A question for the electrician out there.
I’ve got a 12/3 gauge wire sharing a common ground across two 20 amp CBs. Black to one CB red to another, the CBs are independent (not tied together). Black goes to a different outlet than red.
I think this is a fire waiting to happen because the common is being expected to carry 40 amp. Am I correct?
Replies
"I've got a 12/3 gauge wire sharing a common ground across two 20 amp CBs. Black to one CB red to another, the CBs are independent (not tied together). Black goes to a different outlet than red.
I think this is a fire waiting to happen because the common is being expected to carry 40 amp. Am I correct?"
First of all the ground wire never carries any current except in a fault condition. And in a fault it can carry well more than 40 amps before the breaker trips.
But I think that you mean the Grounded Conductor, more commonly called the Neutral.
If the two breakers are installed on different legs, as they should be, of the 240 then the neutral only carries the difference current.
This is called a multiwire circuit.
It is OK as long as it properly installed. But it does offer opertunities to be missused such as connect to breakers on the same leg.
Yes, I am referring to the common (white) wire and not the ground (bare). The other two lines (red/blk) are on the same leg. So I guess I'll have to put one on the other leg.
Thanks.
>>The other two lines (red/blk) are on the same leg.
Are you sure?
In most (all?) load center boxes, the legs alternate as you go down each bank of breakers
Sort of like:
Leg1 .... Leg1
Leg2 .... Leg2
Leg1 .... Leg1
Leg2 .... Leg2
Etc.
NOTE: Corrected per IBEW's message #8
Edited 6/6/2004 8:39 am ET by Bob Walker
Bob,
Aren't you misleading him? Yes,as you go down the panel the breakers are on alternate legs,but breakers across from each other are on the same buss.
1-2
3-4
5-6
7-8
1 and 2 are black,3 and 4 red,5 and 6 black, 7 and 8 red.
Barry
Thanks for the correction; I don't know what I was thinking of when I posted that.
I've corrected the original message, as noted.
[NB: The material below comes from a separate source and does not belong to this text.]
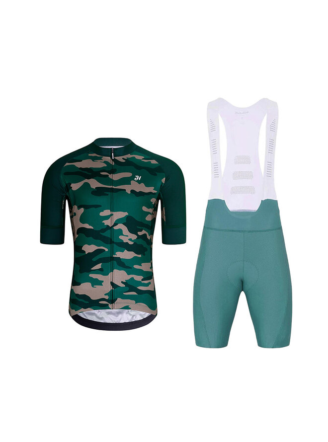 Krótka koszulka kolarska i spodenki - CAMOTRAIL - niebieski/zielony
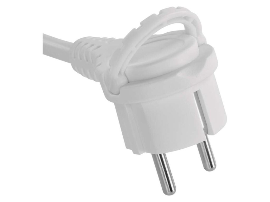 - Klasická vidlica tohto predlžovacieho kábla je uhlová a dizajnovaná na pevné zasunutie do sieťovej zásuvky. Zaujímavou inováciou je plastové uško, ktoré vyklopíte a s minimálnou námahou prívod zo steny vytiahnete.

I see that while I was typing my response, others were posted. Make very sure you you know what you've got before switching anything around. Look at the hot bus bars before you change anything and see how they connect to the breakers. You can also check with a meter or a Wiggy connected from the screw on one breaker to the screw of the other. If the voltage is zero the breakers are on the same phase (and are unsafely connected). If the voltage is 240, they are on opposite phases and are connected correctly.
Thanks, everyone, for the clarification on why this should work, providing the CBs are on seperate legs. I have a much better understanding now.
Will verify that each CB is on a seperate leg the first thing tomorrow morning. Too late to do this tonight.
Well, everything is kosher. each CB is on a different leg. Thanks everyone for the explanations, advice and reasoning beind it.
Edited 6/7/2004 4:16 pm ET by Mike
Perhaps you mean the two circuits are sharing a common neutral? If the circuits are wired correctly, the red is attached to one breaker and is the hot for one circuit, the black is attached to the other breaker and is the hot for the other circuit. The white is the neutral, is attached to the neutral bus bar in the breaker panel and serves both circuits, and the bare wire is the ground, is connected to the ground bus in the panel, and also serves both circuits. This arrangement is common, and is safe so long as the two breakers are on opposite phases.
In your panel, you should have two hots and one neutral coming from the utility. One hot feeds one hot bus in the panel, connecting to half of the breakers, and the other hot feeds the other hot bus, feeding the other breakers. Generally panels are arranged so that the busses alternate, so that any two breakers installed adjacent to one another (that is, one immediately above the other if the breakers are stacked vertically) are on opposite phases. So, any two breakers that are adjacent can be wired in the manner I think you meant.
The reason this is fine, in a simplified way, is that the neutral from the power company is at the same potential as the ground, that is zero volts, and one hot is 120 volts "above" ground potential while the other is 120 volts "below". If you connect between either hot and the neutral you have 120 volts, which is how most circuits are set up. If you connect between the two hots, you have 240 volts difference, which is how you get 240 volts for, say, an electric water heater.
If you have two 20 amp breakers wired on opposite phases sharing a common neutral, and one is drawing 15 amps and the other is drawing 10 amps, the 15 amps and the 10 amps are sharing the common neutral, but are flowing in "opposite directions" and partially cancel, so the actual current through the neutral is 5 amps. If both are drawing the exact same amps, there is no current at all in the neutral.
If both circuits are (incorrectly) wired to the same phase, the currents don't subtract, they add, so 15 amps in each would produce 30 in the neutral, which would then be overloaded, resulting in the situation you fear.